Le général Mukobo ne trouve pas des mots assez durs à l’égard du président LD Kabila. « Le président Laurent Kabila a commis une erreur monumentale à son arrivée au pouvoir en refusant d’intégrer les soldats qu’il a trouvés dans la nouvelle armée ». Pour lui, la nomination du colonel rwandais James Kabarebe à la tête de l’armée congolaise provoqua « une totale déception ».

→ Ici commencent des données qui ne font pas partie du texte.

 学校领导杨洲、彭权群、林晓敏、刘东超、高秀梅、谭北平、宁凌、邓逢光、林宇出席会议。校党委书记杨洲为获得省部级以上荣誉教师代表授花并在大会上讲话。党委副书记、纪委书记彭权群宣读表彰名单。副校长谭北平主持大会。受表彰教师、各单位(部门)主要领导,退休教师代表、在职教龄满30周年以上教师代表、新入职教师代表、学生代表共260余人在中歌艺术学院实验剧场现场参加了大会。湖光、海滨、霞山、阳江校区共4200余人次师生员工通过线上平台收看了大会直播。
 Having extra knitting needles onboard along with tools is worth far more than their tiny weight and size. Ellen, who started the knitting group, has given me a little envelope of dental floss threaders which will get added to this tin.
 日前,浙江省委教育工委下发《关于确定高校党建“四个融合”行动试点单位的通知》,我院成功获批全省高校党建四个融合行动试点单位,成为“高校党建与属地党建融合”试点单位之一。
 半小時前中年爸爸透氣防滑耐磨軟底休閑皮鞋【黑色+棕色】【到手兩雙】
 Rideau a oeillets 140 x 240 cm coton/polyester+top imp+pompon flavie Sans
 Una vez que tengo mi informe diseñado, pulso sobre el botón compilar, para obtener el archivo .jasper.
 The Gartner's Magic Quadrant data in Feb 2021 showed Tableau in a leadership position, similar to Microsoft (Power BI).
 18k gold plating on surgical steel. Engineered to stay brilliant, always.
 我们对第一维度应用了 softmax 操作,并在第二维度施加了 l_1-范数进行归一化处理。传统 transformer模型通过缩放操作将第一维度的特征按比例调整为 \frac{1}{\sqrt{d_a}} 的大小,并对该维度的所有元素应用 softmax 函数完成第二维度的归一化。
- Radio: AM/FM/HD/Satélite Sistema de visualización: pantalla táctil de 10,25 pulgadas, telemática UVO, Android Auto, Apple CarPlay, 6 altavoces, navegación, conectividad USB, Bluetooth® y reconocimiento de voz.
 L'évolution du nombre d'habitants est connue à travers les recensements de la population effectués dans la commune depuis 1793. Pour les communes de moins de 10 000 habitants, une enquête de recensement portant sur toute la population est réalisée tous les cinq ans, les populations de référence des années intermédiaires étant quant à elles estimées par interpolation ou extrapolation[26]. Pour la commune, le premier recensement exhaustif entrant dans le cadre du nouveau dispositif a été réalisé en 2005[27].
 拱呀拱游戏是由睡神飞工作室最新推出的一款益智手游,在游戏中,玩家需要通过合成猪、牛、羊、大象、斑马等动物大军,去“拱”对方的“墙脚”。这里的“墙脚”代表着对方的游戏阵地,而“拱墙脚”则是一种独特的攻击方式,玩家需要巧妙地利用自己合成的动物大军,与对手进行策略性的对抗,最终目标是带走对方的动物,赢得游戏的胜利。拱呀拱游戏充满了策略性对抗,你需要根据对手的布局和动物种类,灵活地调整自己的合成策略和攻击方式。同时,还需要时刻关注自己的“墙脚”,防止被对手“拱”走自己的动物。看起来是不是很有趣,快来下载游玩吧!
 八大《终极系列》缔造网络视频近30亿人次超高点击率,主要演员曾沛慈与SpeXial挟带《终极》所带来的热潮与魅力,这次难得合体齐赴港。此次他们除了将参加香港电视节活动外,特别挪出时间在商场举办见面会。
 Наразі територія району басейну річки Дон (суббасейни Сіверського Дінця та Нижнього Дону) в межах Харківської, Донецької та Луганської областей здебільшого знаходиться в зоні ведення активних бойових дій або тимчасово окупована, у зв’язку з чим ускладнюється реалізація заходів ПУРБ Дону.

Le 16 janvier 2001, LD Kabila est mort. Il est remplacé par « Joseph Kabila ». Pour Mukobo, l’ex-Zaïre « n’a plus d’armée ». Pourquoi? « C’est parce que le chef de l’Etat n’est pas Congolais ». Pour lui, « Kabila » ne peut en aucun cas promouvoir une véritable armée. « L’homme qui dirige notre pays a une mission à accomplir. Cette mission tient en trois mots: détruire le Congo ». Selon Mukobo, « Joseph » a laissé, à dessein, la situation sécuritaire pourrir à l’Est. « L’objectif est de contraindre le Congo à céder une partie de son territoire au Rwanda et à l’Ouganda ». « Il faut un changement à la tête du pays. (…), Joseph Kabila est un traître », concluait-il.
Expert en Logistique, le colonel Kadate Lekumu est revenu sur le « camp de concentration » de Kitona où furent regroupés 43.000 militaires des FAZ dans des conditions infra-humaines. Pour lui, cette décision ne pouvait émaner que de LD Kabila et du colonel Kabarebe. « Chaque jour, il y avait quinze à vingt morts à inhumer », dit-il. La diarrhée était diagnostiquée comme cause principale de décès. Le logisticien ne décolère pas: « L’AFDL a été présentée faussement comme une rébellion congolaise. (…). Nous avons fini par découvrir que l’armée rebelle était commandée par des officiers rwandais, ougandais et burundais ». A l’instar de Mukobo, Kadate est formel: « La RDC n’a pas d’armée. C’est une situation délibérée ».
Colonel-médecin, Daniel Lusadusu Nkiambi est tout aussi amer. « Ce qui est certain est que l’armée congolaise est massivement infiltrée par des éléments étrangers. Et ce depuis le sommet jusqu’aux troupes ». Il se souvient de la « chasse à l’homme » lancée contre des officiers FAZ. « Alors que l’AFDL n’a pu s’emparer du pouvoir que du fait que les militaires ex-FAZ , fatigués par le mobutisme, avaient rechigné de combattre la rébellion ».
A travers ces extraits d’interviews, il est clair que les Zaïro-Congolais sont conscients de leur part de responsabilité dans la déliquescence de leur armée nationale. Ils sont également conscients que rien ne changera dans ce secteur aussi longtemps que le « fantôme » de l’AFDL/PPRD/FCC, incarné par « Joseph Kabila », continuera à « hanter » la vie nationale…
B.A.W.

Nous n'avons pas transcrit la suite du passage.